I would like to ask you if this is a feasible approach or if I should change
the strategy. Please let me know if you need some additional clarification.

Kindly Regards,

Igor Kondrasovas
Twitter: _at_ikondrasovas
Blog: http://ikondrasovas.wordpress.com
Facebook: www.facebook.com/ikondrasovas

-----Mensagem original-----
De: Joachim Schimpf [mailto:joachim.schimpf_at_...44...] 
Enviada em: quinta-feira, 18 de março de 2010 11:00
Para: eclipse-clp-users_at_...105...
Assunto: Re: [eclipse-clp-users] Domain Definiton in Cut and Packing Problem

Igor Kondrasovas wrote:
> Hello All,
> Currently I’m working in a bi-dimensional nesting decision problem 
> (classified in the cut and packing problem class).
> This problem has some geometric constraints. One of them is to make sure 
> the pieces (convex polygons in my case) do not overlap each other in the 
> sheet they will be placed.
> The following piece of code demonstrates an easy way (taken form 
> http://local.wasp.uwa.edu.au/~pbourke/geometry/insidepoly/ at subtitle 
> “Solution 3 (2D)”) to determine if a point is inside a specific polygon. 
> This would help to restrict where can I position each polygon (Xt and Yt 
> values) to make sure pieces do not overlap:
> inside((Xt,Yt), Polygon) :-
>        checkPolygon((Xt, Yt), Polygon),
>        labeling([Xt,Yt]),
>        writeln(Xt),
>        writeln(Yt).
> checkPolygon(_,[]).
> checkPolygon((Xt, Yt), [Segment|PolygonTale]) :-
>        Xt #:: -10..10,
>        Yt #:: -10..10,
>        checkPointSide((Xt, Yt), Segment) infers most,
>        checkPolygon((Xt, Yt), PolygonTale).
> checkPointSide((Xt, Yt), [(FromX, FromY),(ToX, ToY)]):-
>        (((Yt - FromY) * (ToX - FromX)) - ((Xt - FromX) * (ToY - FromY)))
#< 0.
> You can test the predicate using:
> inside((X,Y),[[(0,0),(0,5)],[(0,5),(5,0)],[(5,0),(0,0)]]).
> The problem here is that after labeling, I will have the values in the 
> specified domain that are inside the polygon. In other words, they will 
> assume values where piece DO overlap. This is the opposite from what I 
> need. Those values should be removed from the domain instead. 
> Unfortunately I could not find a way to impose the constraint in order 
> to label my variables (Xt and Yt) to a point where no overlap occurs. 

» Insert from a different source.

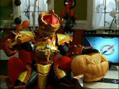 Everyone helps with the decorations and the Sentinel Knight makes a Jack-O-Latern. The Rangers run to stop the Fearcats, joined by the knight. Moltor teleports into the scene. The three combine their powers and blasts at the seven. |

Your check is based on the idea that a point is inside a polygon, iff it
is "to the right of" every polygon side line (when going through them
clockwise).  This is a simple conjunction of conditions, and that's
what you have done in your code (the 'infers' you have used here actually
has no effect, because its left hand side is just a primitive constraint -
If you take it out, your code works just as well).
Left me rewrite it a bit:

% Point (X,Y) is right of line (X1,Y1)->(X2,Y2)
rightof_line((X,Y), (X1,Y1), (X2,Y2)) :-
        (Y - Y1) * (X2 - X1) - (X - X1) * (Y2 - Y1) #< 0.

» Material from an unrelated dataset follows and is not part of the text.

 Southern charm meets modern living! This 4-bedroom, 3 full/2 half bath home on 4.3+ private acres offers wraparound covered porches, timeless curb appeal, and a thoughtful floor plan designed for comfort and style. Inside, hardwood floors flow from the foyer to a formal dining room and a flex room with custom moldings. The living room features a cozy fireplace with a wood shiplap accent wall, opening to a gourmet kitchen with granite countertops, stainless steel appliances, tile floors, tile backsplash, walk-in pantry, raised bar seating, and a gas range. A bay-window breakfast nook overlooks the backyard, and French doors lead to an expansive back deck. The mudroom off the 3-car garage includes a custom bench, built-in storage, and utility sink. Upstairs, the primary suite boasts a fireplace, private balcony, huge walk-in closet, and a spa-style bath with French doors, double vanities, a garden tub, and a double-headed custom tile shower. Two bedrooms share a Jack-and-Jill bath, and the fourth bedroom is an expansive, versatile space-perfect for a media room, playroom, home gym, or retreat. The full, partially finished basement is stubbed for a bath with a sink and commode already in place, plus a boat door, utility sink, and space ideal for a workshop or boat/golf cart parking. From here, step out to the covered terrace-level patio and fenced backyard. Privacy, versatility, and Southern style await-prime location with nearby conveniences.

inside_polygon(Point, Segments) :-
	( foreach([P1,P2],Segments), param(Point) do
	    rightof_line(Point, P1, P2)

The problem with formulating outside-ness is that you have a disjunction:
A point is outside a polygon iff it is "to the left of" ANY side line.
We need

% Point (X,Y) is left of the line (X1,Y1)->(X2,Y2)
leftof_line((X,Y), (X1,Y1), (X2,Y2)) :-
        (Y - Y1) * (X2 - X1) - (X - X1) * (Y2 - Y1) #> 0.

To turn the disjunction into a proper constraint, there are two basic
possibilities:  the 'infers' solution, and using reified constraints.
Look at 'infers' first: it makes sense here, because its job is to
extract deterministic information from something disjunctive.  In this
case it's the disjunction of conditions over the line segments:

outside_polygon1(Point, Segments) :-
	(member([P1,P2],Segments), leftof_line(Point, P1, P2)) infers ic.

The other way is to use a reified version of the "leftof" constraint,
i.e. one that computes a boolean that reflects the truth value:

leftof_line((X,Y), (X1,Y1), (X2,Y2), Leftof) :-
        Leftof #= ((Y - Y1) * (X2 - X1) - (X - X1) * (Y2 - Y1) #> 0).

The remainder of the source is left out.